Başbakanın Dudakları Okunacak

MHP Genel Başkanı dudak okuma yöntemiyle çözdüklerini iddia ettikleri ‘küfür skandalı’ için ilk kez konuştu..

MHP Genel Başkanı Devlet Bahçeli, Başbakan Erdoğan’ın, ‘dudak okuma’ ile ilgili sözlerine “Hayatında hiç küfür etmediğini, küfür etmeyi sevmediğini ve böyle bir seviyeye düşmeyeceğini söyleyen Sayın Başbakan’ın, devletin tüm yetkilerini kullanarak, dudak okuma uzmanlarından bir heyet oluşturarak, ’ben orada acaba ağzımdan neleri kaçırdım, hangi ruh halinde neleri söyledim’ diye bir inceleme yapmasında yarar vardır” karşılığını verdi. Bahçeli, “Sayın Başbakanın elimizden kaçması mümkün değil” diye konuştu. Bahçeli Başbakan’ın söyledikleri içinde tek doğru cümlenin ‘Bahçeli ve ekibi niyet okumada oldukça kabiliyetliler’ şeklindeki ifadesinin olduğunu belirterek “Gerçekten bu cümle doğrudur. MHP kimin hangi niyette olduğunu yüksek önsezisiyle fark ediyor ve milleti de bu manada uyarıyor”dedi

MHP Genel Başkanı Devlet Bahçeli, parti genel merkezindeki bayramlaşma töreninin ardından gazetecilerin gündeme ilişkin sorularını yanıtladı. Başbakan Erdoğan’ın, ‘dudak okuma’ ile ilgili dün söylediği sözlerinin hatırlatılması ve olayla ilgili ne zaman dava açacağının sorulması üzerine Bahçeli şöyle konuştu: “Sayın Başbakan, her bayramda, her cuma çıkışında o günün manasıyla çelişen, iftiralar yüklü, yalanlarla dolu açıklamalarda bulunmaktadır. Bu cuma günü bayramın da birinci günü olduğu bir dönemde yine bazı açıklamalarda bulunmuştur. Bunlardan tek bir cümle doğrudur, o da ’Bahçeli ve ekibi niyet okumada oldukça kabiliyetliler’ cümlesidir. Gerçekten bu cümle doğrudur. MHP kimin hangi niyette olduğunu yüksek önsezisiyle fark ediyor ve milleti de bu manada uyarıyor. Sayın Başbakan’ın niyetinin ne olduğu çok açıktır, Türkiye’yi 36’ya bölmektir, alt kimliklerle bir etnik çatışmayı sürdürmektir. Partisi artık AK Parti olmaktan çıkmıştır, artık partisi bölen bir parti haline gelmiştir. Burası doğrudur ancak hayatında hiç küfür etmediğini, küfür etmeyi sevmediğini ve böyle bir seviyeye düşmeyeceğini de söyleyen Sayın Başbakan’ın, devletin tüm yetkilerini kullanarak, dudak okuma uzmanlarından bir heyet oluşturarak, ’ben orada acaba ağzımdan neleri kaçırdım, hangi ruh halinde neleri söyledim’ diye bir inceleme yapmasında yarar vardır.”

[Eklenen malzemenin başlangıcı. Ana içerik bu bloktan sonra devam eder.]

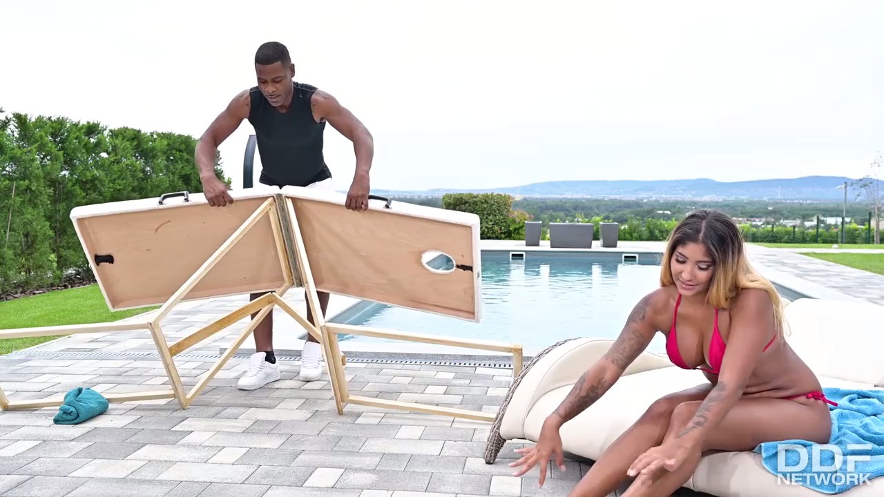 Хозяйка дома совсем забыла, что должен прийти массажист, двери всегда открыты. Она успела еще немного стать более копченой, помастурбировать и в последний момент он пришел, пришлось извиняться за слишком радушный прием. На массажном столе стало так хорошо, особенно из-за прерванного удовольствия, что загорелая телка стала проявлять неоднозначные знаки внимания - подставлять киску под руки и вообще тереться о любую часть мужского тела. Ну тут и дураку понятно: надо ебать пока тепленькая, чем и занялся чернокожий гость рядом с бассейном, оприходовав во все искушенные дырочки.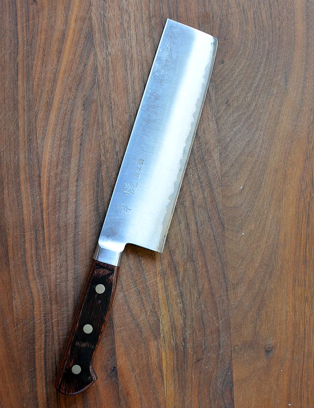 Nakiri - This cleaver-like knife with a straight edge is considered a home cook's vegetable knife but it does pro-level work on the cutting board. This one below, also by Kohetsu and made of HAP40 steel, enables beautiful, slender, matchsticks, thin slices of potatoes for au gratin dishes for (forget a mandoline!), and perfect dice. How do I get super thin slices of onion for pho? The nakiri you see here: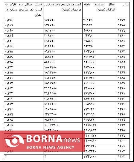 طبق آمار بانک مرکزی، یکی از بدترین سالها درباره نسبت حداقل مزد به قیمت هر مترمربع مسکن در شهر تهران مربوط به سال 1371 است که طبق آن، پسانداز هر ماه حداقل دستمزد کارگران برابر با قیمت 0.1 مترمربع مسکن در تهران بوده و به عبارتی 9 ماه پسانداز حداقل دستمزد آن سال، کفاف خرید تنها یک مترمربع مسکن در پایتخت را میداد.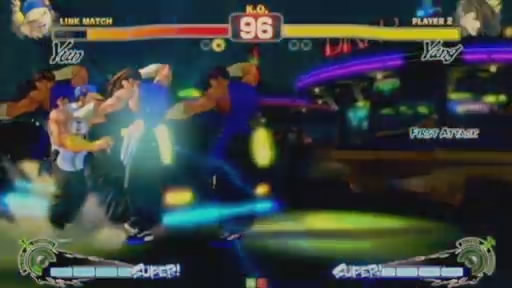 あとユンとヤンのコマンド投げの性能差がちょっとスゴイ。ユンのほうが発生早くてリーチも長くて。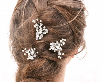 Wedding Hair Pins of Flowers and Pearls Bridal Bobby Set of Three, Beaded Flower Hair Jewelry, Beaded Babies Breath Headpiece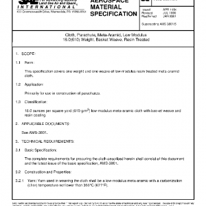 This specification covers one weight and one weave of low-modulus resin treated meta-aramid cloth.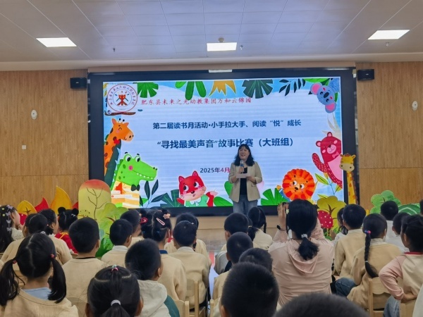 在4月23日世界读书日到来之际,为激发幼儿的语言表达能力和想象力,为小朋友提供一个展现自我的舞台。2025年4月15日上午,肥东县未来之光幼教集团万和云锦园大班组在二楼多功能厅开展了一场“寻找最美声音”幼儿讲故事比赛活动。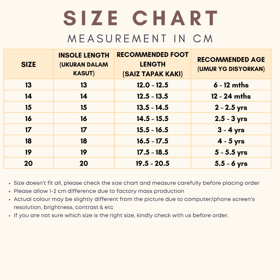 Comel gila kasut ni. Muat utk anak umur 11 bulan, panjang tapak kaki 13cm. Ada space sikit je, sbb mmg nak beli besar sikit. Tapi nampak anak pakai selesa. Design dan warna cute sama mcm dlm gambar. 😁👍🏾

-“SÖYLEDİKLERİ BİZCE MALUM”-

Başbakan’ın Genel Kurul’da söylediklerinin kendilerince malum olduğunu, inceleme yaptıklarını belirten Bahçeli, buna bir ceza davasıyla karşılığının verileceğini kaydetti ve “Sayın Başbakan’ın elimizden kaçması mümkün değil” dedi. Bahçeli, Kafes operasyonu ve Danıştay’ın verdiği katsayı kararıyla ilgili bir soruya ise iki konuyla ilgili de görüşlerinin net olduğu karşılığını verdi. Bahçeli, “Bunu sürekli tartışmanın Türkiye’ye sağlayacağı bir fayda yoktur. Konu yargıya intikal etmiştir. Özellikle basın mensupları da yargının bu çalışmalarını sabırla beklesinler. Yargının kararları daha netleşmeden yorum yapma alışkanlığından da vazgeçsinler” dedi.

-“HİÇBİR ÖNLEMEMİZ YOK”-

Bahçeli, domuz gribiyle ilgili bir soruya ise “Hiçbir önlemimiz yok. Domuz gribinin olduğuna da inanmıyoruz. Her şey Cenab-ı Allah’ın takdiridir” karşılığını verdi. Bahçeli, hükümetin bayram mesajlarında Türk bayrağını kullanmasını nasıl değerlendirdiğinin sorulması üzerine “Bir bölen için çok hayırlı bir adım olarak görüyorum”dedi.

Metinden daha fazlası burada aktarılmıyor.